MONALEESA-7 Sets New Standard of Care for Premenopausal Women with Advanced Breast Cancer

TON - August 2019, Vol 12, No 4

Chicago, IL—The addition of the cyclin-dependent kinase (CDK)4/CDK6 inhibitor ribociclib to standard endocrine therapy significantly extended overall survival (OS) compared with endocrine therapy alone in premenopausal women with hormone receptor (HR)-positive, HER2-negative advanced breast cancer, according to results of the phase 3 MONALEESA-7 clinical trial, presented at the 2019 American Society of Clinical Oncology (ASCO) Annual Meeting.

MONALEESA-7 is the first study to demonstrate significantly longer OS in patients who received a CDK4/CDK6 inhibitor plus endocrine therapy combination versus endocrine therapy alone as initial therapy for advanced breast cancer, and likely represents a new standard of care in this population.

“This is the first study to show improvement for any targeted therapy when used with first-line [endocrine therapy] for advanced breast cancer. MONALEESA-7 was the first phase 3 trial with a CDK4/6 inhibitor [conducted] exclusively in premenopausal patients, and use of ribociclib as front-line therapy significantly prolonged survival, which is good news for women with this terrible disease,” said lead investigator Sara A. Hurvitz, MD, Medical Oncologist, Jonsson Comprehensive Cancer Center, University of California, Los Angeles.

ASCO Expert Harold J. Burstein, MD, PhD, Associate Professor of Medicine, Harvard University, Cambridge, MA, and Medical Oncologist, Dana-Farber Cancer Institute and Brigham & Women’s Hospital, Boston, commented on this study at a press conference. “Advanced breast cancer in premenopausal women can be very aggressive. It is important and encouraging to see a targeted therapy that significantly increases survival for younger women.”

Ribociclib is approved by the US Food and Drug Administration in combination with an aromatase inhibitor for the treatment of pre- and perimenopausal women with HR-positive, HER2-negative advanced breast cancer.

The MONALEESA-7 trial randomized 672 premenopausal women with HR-positive, HER2-negative advanced breast cancer to goserelin (Zoladex) plus either ribociclib (N = 335) or placebo (N = 337). All participants also received either a nonsteroidal aromatase inhibitor or tamoxifen.

Median follow-up was 34.6 months. At interim analysis data cutoff (November 2018), treatment was ongoing in 35% of patients in the ribociclib arm and 17% of patients in the placebo arm. Dr Hurvitz said the majority of patients who ended treatment had disease progression.

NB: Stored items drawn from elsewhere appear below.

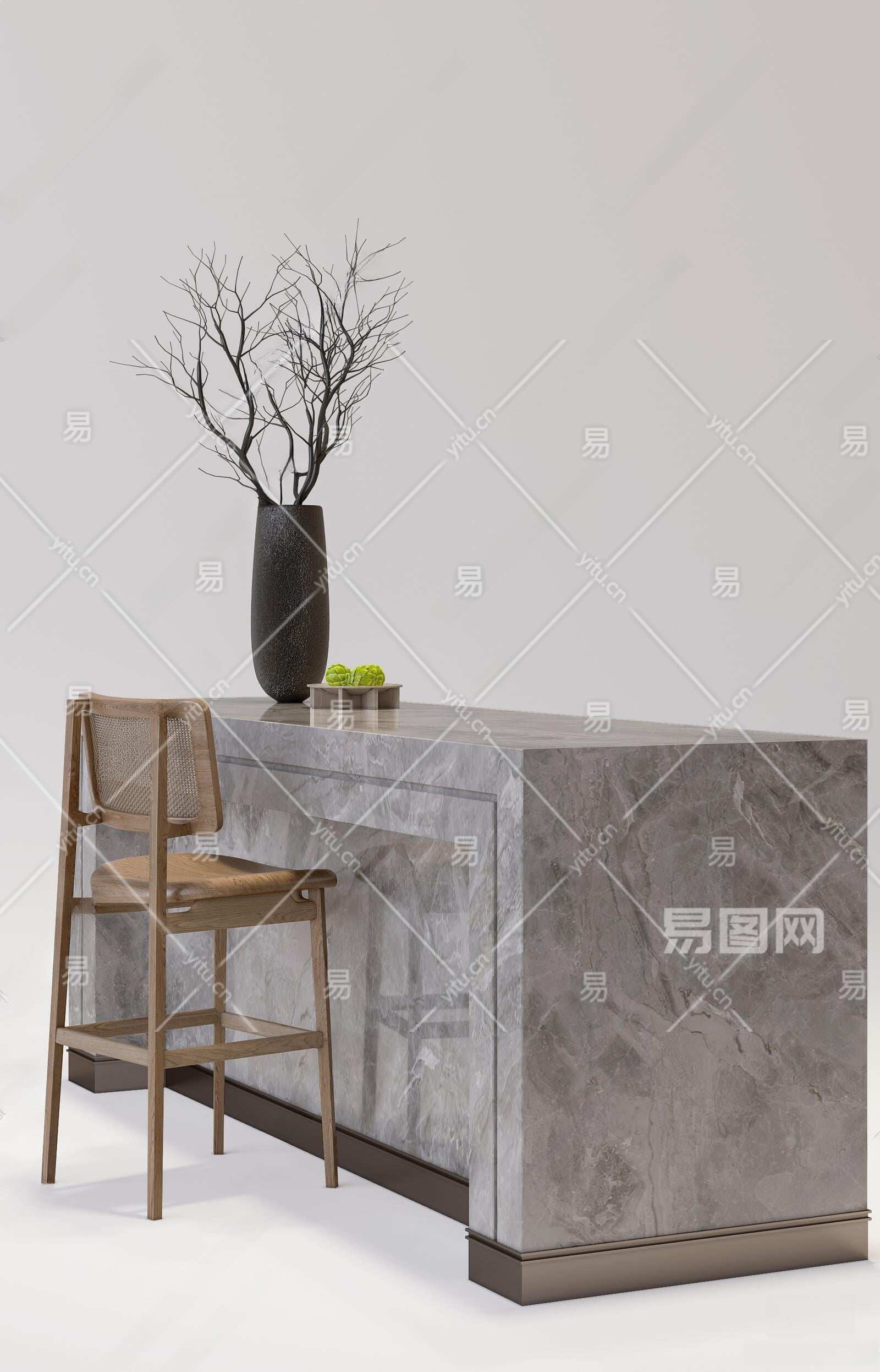 现代吧台吧椅组合3D模型下载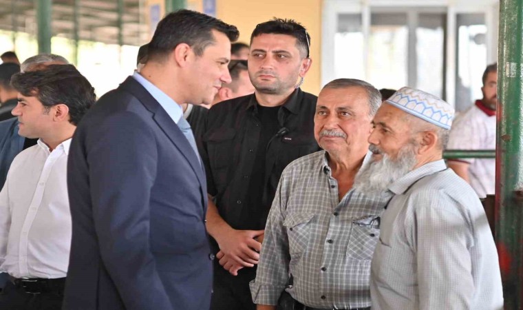 Kurban Bayramına sayılı günler kala kent merkezinde bulunan Canlı Hayvan Borsası’nda kurbanlık hayvan satışları devam ediyor. Manisa Büyükşehir Belediye Başkanı Mimar Ferdi Zeyrek, Genel Sekreter Yardımcısı Ulaş Aydın ve Sağlık İşleri Dairesi Başkanı Erhan İnce ile birlikte hayvan satışlarının gerçekleştirildiği Hayvan Borsası’nı ziyaret etti. Farklı şehirlerden ve Manisa’nın ilçelerinden gelen kurbanlık hayvan satıcılarına bereketli satışlar dileyen Başkan Ferdi Zeyrek, taleplerini de dinledi. Başkan Ferdi Zeyrek, kurbanlık havyan satın almak için Canlı Hayvan Borsası’na gelen Manisalılarla da bir sohbet etti. Kesilecek kurbanların kabul olmasını da temenni eden Başkan Zeyrek, inceleme esnasında karşılaştığı kurban pazarlığına da eşlik ederek, satıcı ve alıcının anlaşmasını sağladı.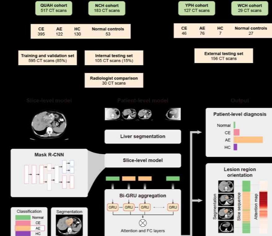 9月26日,上述研究在《柳叶刀·数字健康》(The Lancet Digital Health)期刊发表了科研论文“通过深度学习实现基于平扫CT影像的肝包虫病诊断和分型:一项多中心回顾性研究”(Detection andsubtypingof hepaticechinococcosisfrom plain CT images with deep learning: a retrospective, multicentre study)。心博在线登录入口自动化系张学工教授为本文通讯作者,青海大学附属医院副主任医师王展博士和心博在线登录入口自动化系在读博士生卞海洋为共同第一作者。来自自动化系和北京信息科学与技术国家研究中心、青海大学附属医院、青海大学医学院、镇平县人民医院、南阳市中心医院、北京清华长庚医院、心博在线登录入口航天航空学院等单位的多位医生和技术人员共同参与了该研究。

Patients receiving ribociclib plus endocrine therapy had a significantly longer median OS than patients receiving placebo plus endocrine therapy (not reached vs 40.9 months; P = .00973). OS analysis showed that “there was a 29% relative reduction in risk of death [in patients in the ribociclib arm],” Dr Hurvitz said. A consistent OS benefit was observed across all subgroups.

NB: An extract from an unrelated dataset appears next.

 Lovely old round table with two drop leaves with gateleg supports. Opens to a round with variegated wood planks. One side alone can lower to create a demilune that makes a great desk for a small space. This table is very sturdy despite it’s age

After 42 months of treatment, 70.2% of women in the ribociclib arm were alive versus 46% of those in the placebo arm.

Median progression-free survival (PFS) was 23.8 months in the ribociclib arm versus 13 months in the placebo arm.

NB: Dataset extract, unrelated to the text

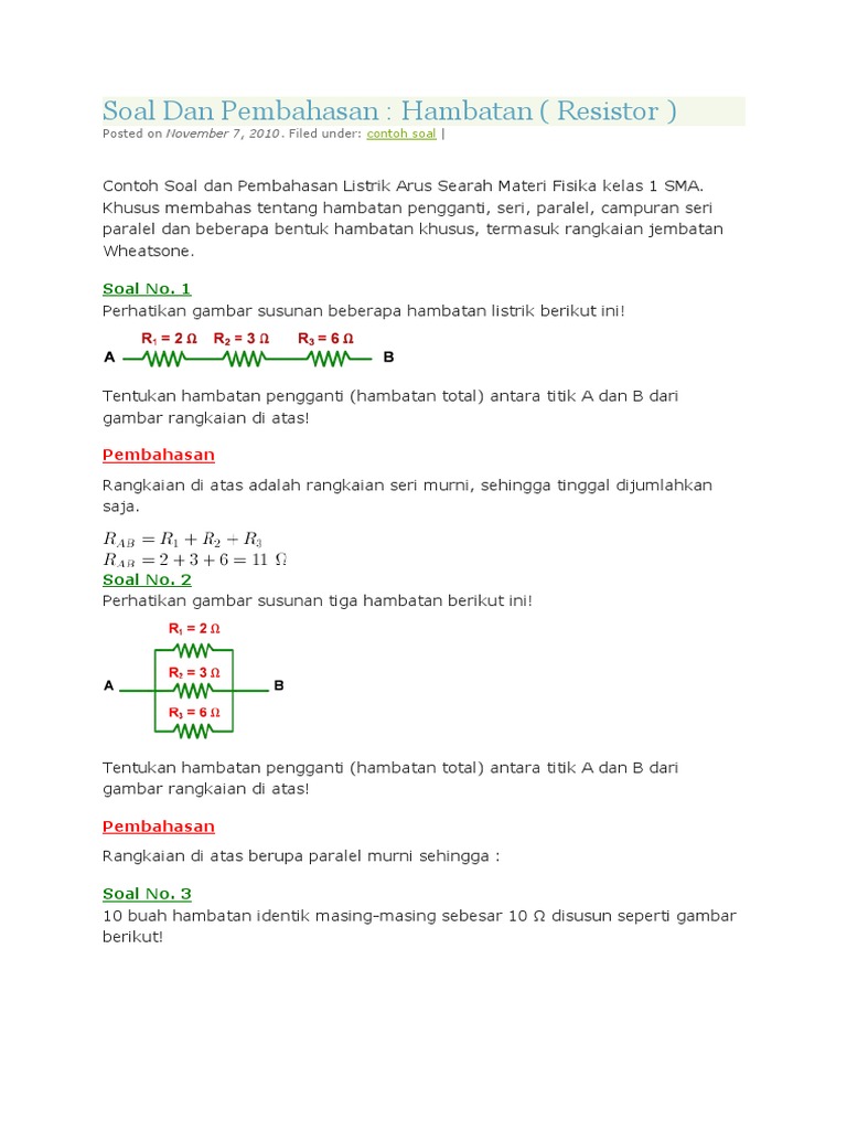 Soal Dan Pembahasan Hambatan Resistor

“The benefit of ribociclib extended beyond the initial treatment based on the time-to-subsequent chemotherapy and PFS2,” said Dr Hurvitz. PFS2 was defined as time from random selection to progression on the next line of therapy or death. The rate of PFS2 was significantly higher with ribociclib (P = .00973).

After 15 months of follow-up, adverse events in the ribociclib arm remained consistent with the drug’s known safety profile. Grade 3 or 4 events of special interest in the ribociclib and placebo arms were neutropenia (63.5% ribociclib vs 4.5% placebo), hepatobiliary toxicity (11.0% ribociclib vs 6.8% placebo), and prolonged QT interval (1.8% ribociclib vs 1.2% placebo).

Formal discussant Angelo Di Leo, MD, PhD, Department Head, Sandro Pitigliani Medical Oncology Unit, and Chair, Oncology Department, Hospital Prato, Istituto Toscano Tumori, Italy, said, “The MONALEESA-7 results are now setting a new standard of care for patients who are endocrine-therapy naïve. I think that this is now a population where we should consider combination of a CDK4/6 inhibitor plus endocrine therapy as a new standard of care.”

“My personal opinion is that this result should be expanded also to the menopausal population. The endocrine-sensitive population is the population who relapsed after at least 1 year from the end of adjuvant endocrine therapy,” Dr Di Leo added.